__Exercise__:
Word for word, restate the lines from the top of the records below through the line with "والحجة لمن اختلس", both included, with no pictures in the result.
===== Records for the exercise =====
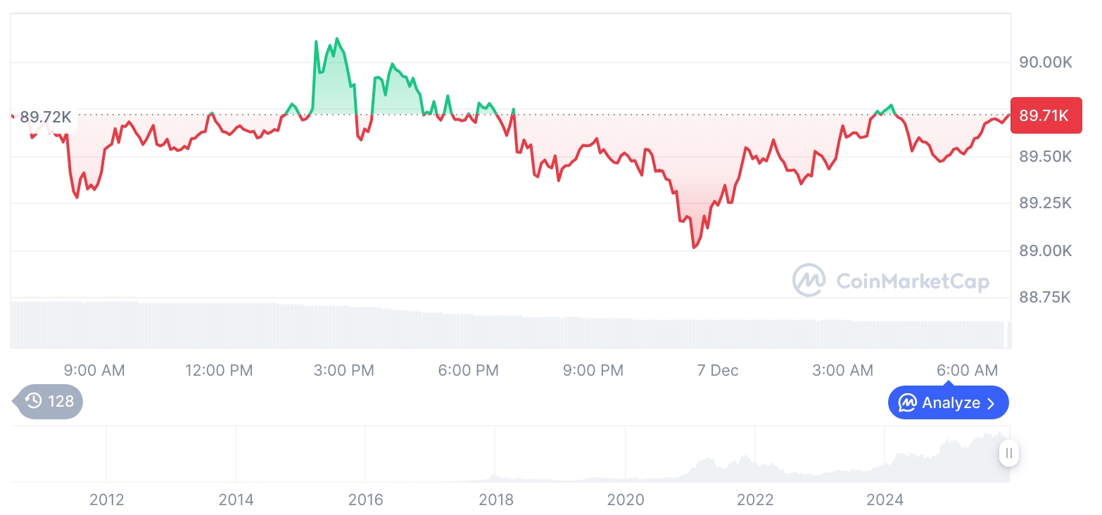 加密货币市场涨跌互现:比特币报89,702美元,以太坊持稳3,048美元
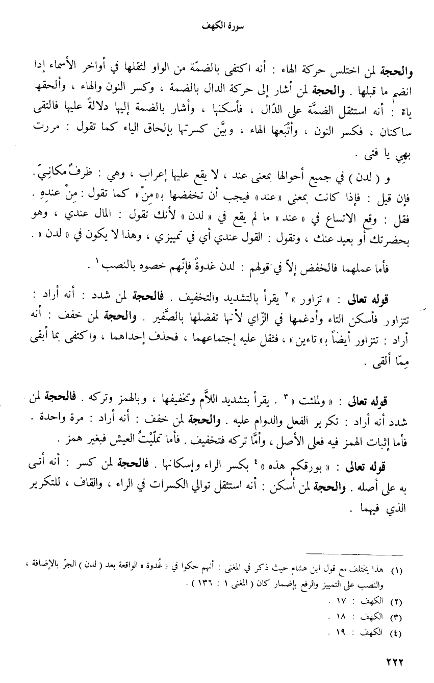 والحجة لمن اختلس حركة الهاء: أنه اكتفى بالضمّة من الواو لثقلها في أواخر الأسماء إذا انضم ما قبلها. والحجة لمن أشار إلى حركة الدال بالضمة، وكسر النون والهاء، وألحقها ياء: أنه استثقل الضمّة على الدّال، فأسكنها، وأشار بالضمة إليها دلالة عليها فالتقى ساكنان، فكسر النون، وأتبعها الهاء، وبيّن كسرتها بإلحاق الياء كما تقول: مررت بهي يا فتى.
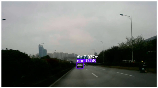 The experimental process using the improved vehicle detection model combined with binocular vision positioning technology involved vehicle detection and positioning experiments. In order to verify the effect of vehicle detection and positioning, the experiments were conducted on vehicles without using positional distance. When combined with binocular ranging, accurate detection of the vehicle was achieved. In addition, distance information relative to the binocular camera was shown at the top of the frame, enabling accurate implementation of the detection and positioning function. From the positioning effect shown in Figure 12, it can be seen that the vehicle detection and positioning system proposed in this paper can accurately detect the vehicle information in front and output the corresponding distance. This method enables real-time and accurate completion of the detection and positioning of the vehicle.
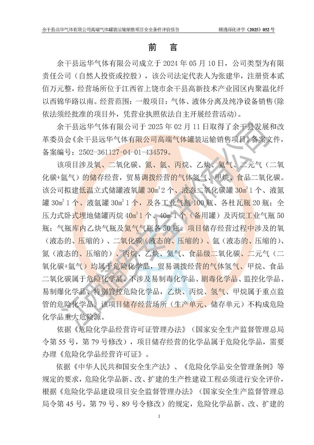 評(píng)價(jià)報(bào)告名稱 | 余干縣遠(yuǎn)華氣體有限公司高端氣體罐裝運(yùn)輸銷售項(xiàng)目安全條件評(píng)價(jià)報(bào)告 | ||||||
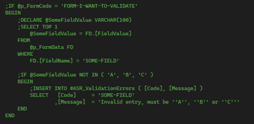 If the integration responds with a 200 OK when making a sever validation request, this means that the fields of the form have been validated against the ELEOS.usp_ValidateMessage procedure, and has no issues reported. This form is considered valid to us.
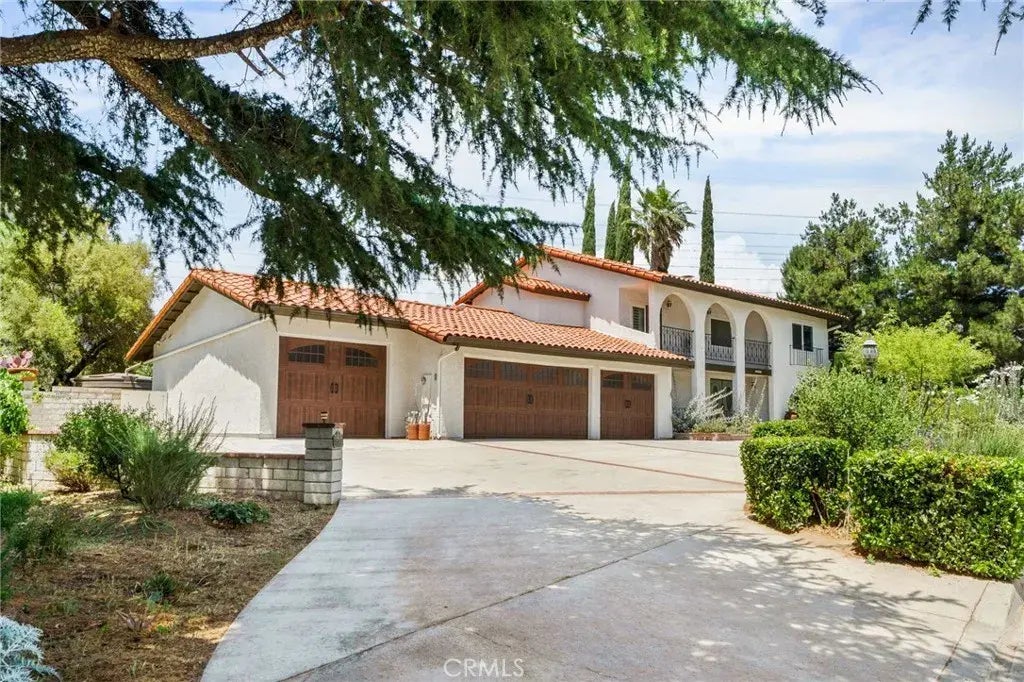 Standing proudly on nearly half-acre with mountain views, this distinctive two-story home offers privacy and space along a peaceful street lined with towering conifers. Classic arched entrance, circular driveway, new faux-walnut carriage doors, and native California landscaping signal a home built for discerning buyers. Grand foyer with wraparound staircase leads to durable porcelain tile throughout main level. Formal dining room perfect for intimate dinners, while living room centers around welcoming fireplace with French doors opening to large screened patiospacious enough for multiple seating areas and entertaining. Remodeled kitchen for serious cooks features double oven, separate oversized fridge and freezer, five-burner gas cooktop, farmhouse sink, and engineered quartz counters. Built-in floating shelves provide for elegant display. The showstopper: 900 sq ft great room flooded with light from six skylights. Vaulted ceiling supports properly sized fan, engineered hardwood leads to second fireplaceperfect space for large gatherings, art studio, or media room. Upstairs, spacious primary suite has vaulted ceilings and newly resurfaced balcony for morning coffee and sunrise views. Loft includes built-in workspace, plus two additional bedrooms. Resort-style backyard centers around PebbleTec pool with spa waterfall, new lighting, new filter and variable-speed pumpsurrounded by mature landscaping for privacy. Gardeners' dream: orchard produces 60+ varieties from more than 50 trees, including rare fruits you can't buy in stores. Add critter-proof screened garden, raised beds
=====
__Finished task__:
 加密货币市场涨跌互现:比特币报89,702美元,以太坊持稳3,048美元
 والحجة لمن اختلس حركة الهاء: أنه اكتفى بالضمّة من الواو لثقلها في أواخر الأسماء إذا انضم ما قبلها. والحجة لمن أشار إلى حركة الدال بالضمة، وكسر النون والهاء، وألحقها ياء: أنه استثقل الضمّة على الدّال، فأسكنها، وأشار بالضمة إليها دلالة عليها فالتقى ساكنان، فكسر النون، وأتبعها الهاء، وبيّن كسرتها بإلحاق الياء كما تقول: مررت بهي يا فتى.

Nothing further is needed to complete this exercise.